Tips for Transitioning from Skype for Business Hybrid to Pure Online

As Office 365 adoption grows, more Skype for Business (SfB) hybrid deployments are being transitioned to pure online after all of the users have been migrated to online. While some steps in this final transition process are well documented, such as the decommissioning of the SfB on-premises servers, other steps are poorly documented.

This post provides some details on one step of the transition to pure online that isn’t well documented: removing the SfB user attributes (e.g. msRTC*) in on-premises AD from users after hybrid mode has been changed to pure online. This post assumes that the hybrid environment has AD directory synchronization configured (e.g. on-prem AD was synchronized to Azure AD).

Why do we Care about SfB On-Premises AD Attributes after all Users are Migrated and Hybrid is Switched to Pure Online?

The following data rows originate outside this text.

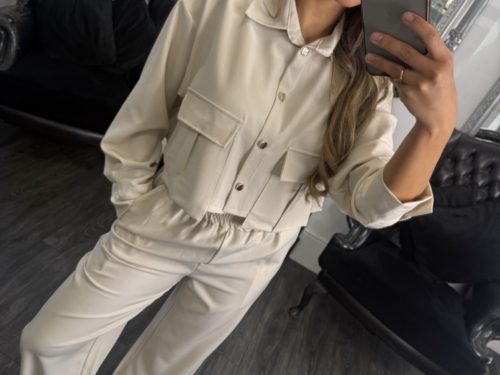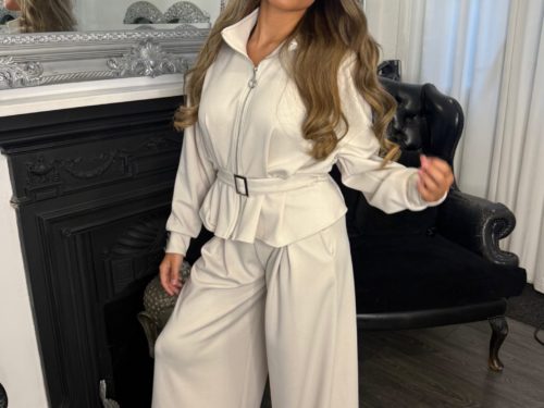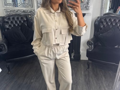 - Cream Front Pocket Jacket & Wide Leg Trouser Co-ord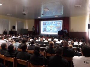 El Teniente de Navío (RE) Guillermo Owen Crippa, Oficial de la Aviación Naval Condecorado por su Heroico Valor en Combate durante la Guerra de Malvinas, brindó una charla en el Liceo Storni – El evento estuvo organizado por el Centro de Graduados del Liceo.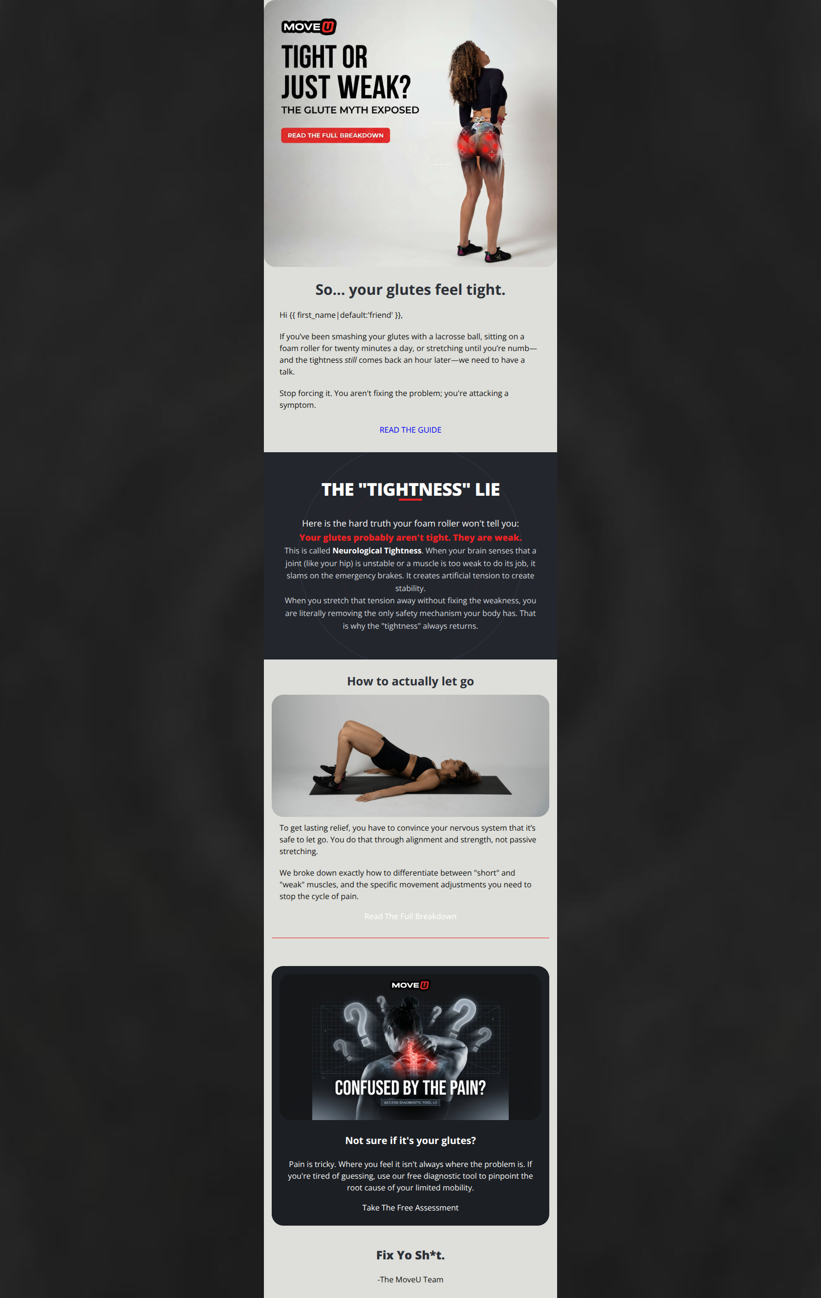 This is a strong, highly brand-aligned educational email that effectively uses the 'tough love' voice to build authority. The content flow is logical, debunking a common myth before offering a solution. However, the primary call-to-action in the hero is embedded in the image (making it invisible if images are blocked), and the first actual HTML button appears quite late in the scroll depth, potentially losing impatient skimmers.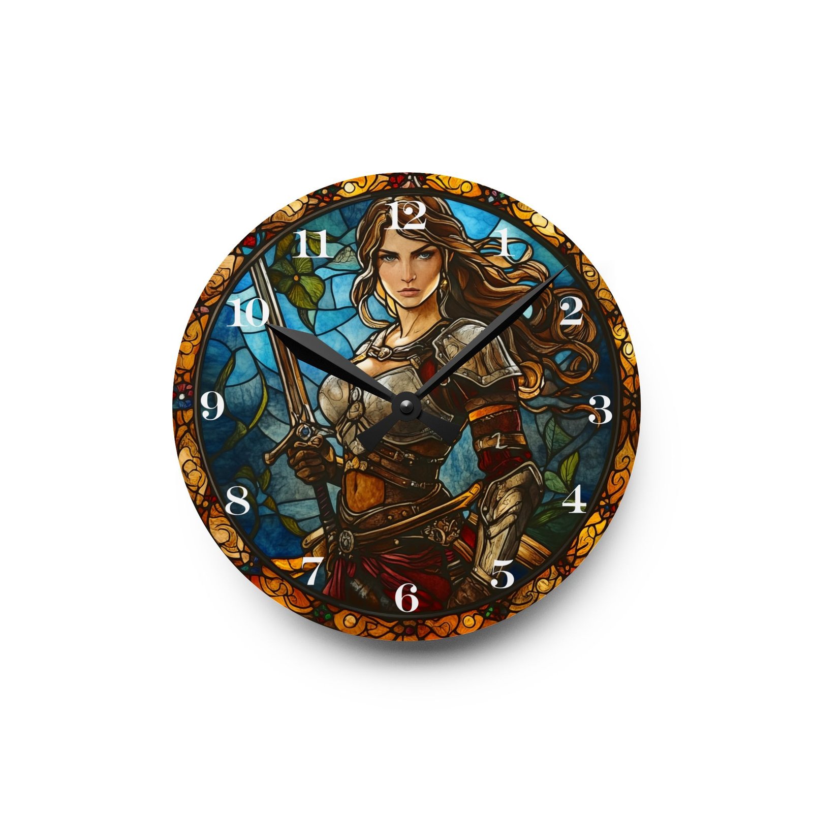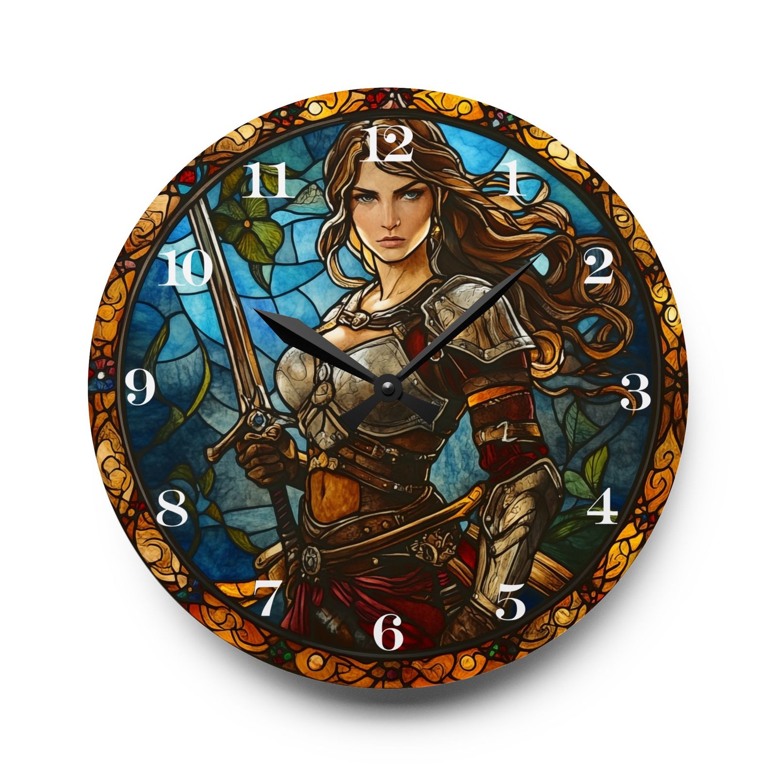 Crafted from durable, glass-like acrylic, this clock features a fearless warrior, sword in hand, ready for battle in a striking stained glass design. Available in round or square shapes and two sizes, this clock is perfect for those who admire bravery, strength, and timeless resilience.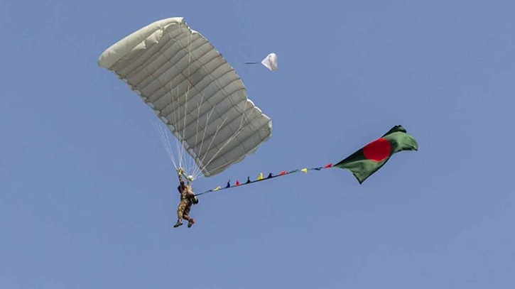 বাংলাদেশ সশস্ত্র বাহিনীর সাহসী ও দক্ষ স্কাইডাইভারদের অংশগ্রহণে, যাদের মধ্যে বাংলাদেশ বিনিয়োগ উন্নয়ন কর্তৃপক্ষ (বিডা) এবং বাংলাদেশ অর্থনৈতিক অঞ্চল কর্তৃপক্ষের (বেজা) নির্বাহী চেয়ারম্যান আশিক চৌধুরীসহ প্রশিক্ষিত প্যারাট্রুপাররা ছিলেন। এই ব্যতিক্রমী অভিযানে আকাশে ভেসে ওঠে লাল-সবুজের ৫৪টি পতাকা। পুরো উদ্যোগটি পরিকল্পনা ও বাস্তবায়ন করে আর্মড ফোর্সেস ডিভিশন (এএফডি)।

This is a good question, and there is no official documentation. However, two reputable sources reference deleting these on-premises AD user attributes after migration (or a when doing a full cut-over), but without much explanation:

As stated in the first article mentioned above, the recommended method to clear those on-premises AD user attributes is to use the Disable-CsUser (e.g. Get-CsUser -Identity User01@contoso.com| Disable-CsUser -Verbose). In field experience this sometimes does not fully clear the msRTC attributes, and in at least one deployment I have seen it leave behind the msRTCSIP-DeploymentLocator attribute.

So why do we need to clear these attributes? After doing some research, it seems the risk of not clearing those user attribute on-premises is that some SfBO features – specifically voice features using Cloud Connector Edition (CCE) – will use those msRTC* attributes to determine where the user resides (on-prem or online). Specially after the switch to pure online is completed (e.g. DNS records point to online, etc…), CCE will see those synchronized Azure AD attributes, or the InterpretedUserType attribute set as “HybridOnline”, and conclude that the user voice services are still serviced by SfB on-premises, and attempt to direct the calling services to on-premises. The calling features will fail because the SfB on-premises is no longer operational.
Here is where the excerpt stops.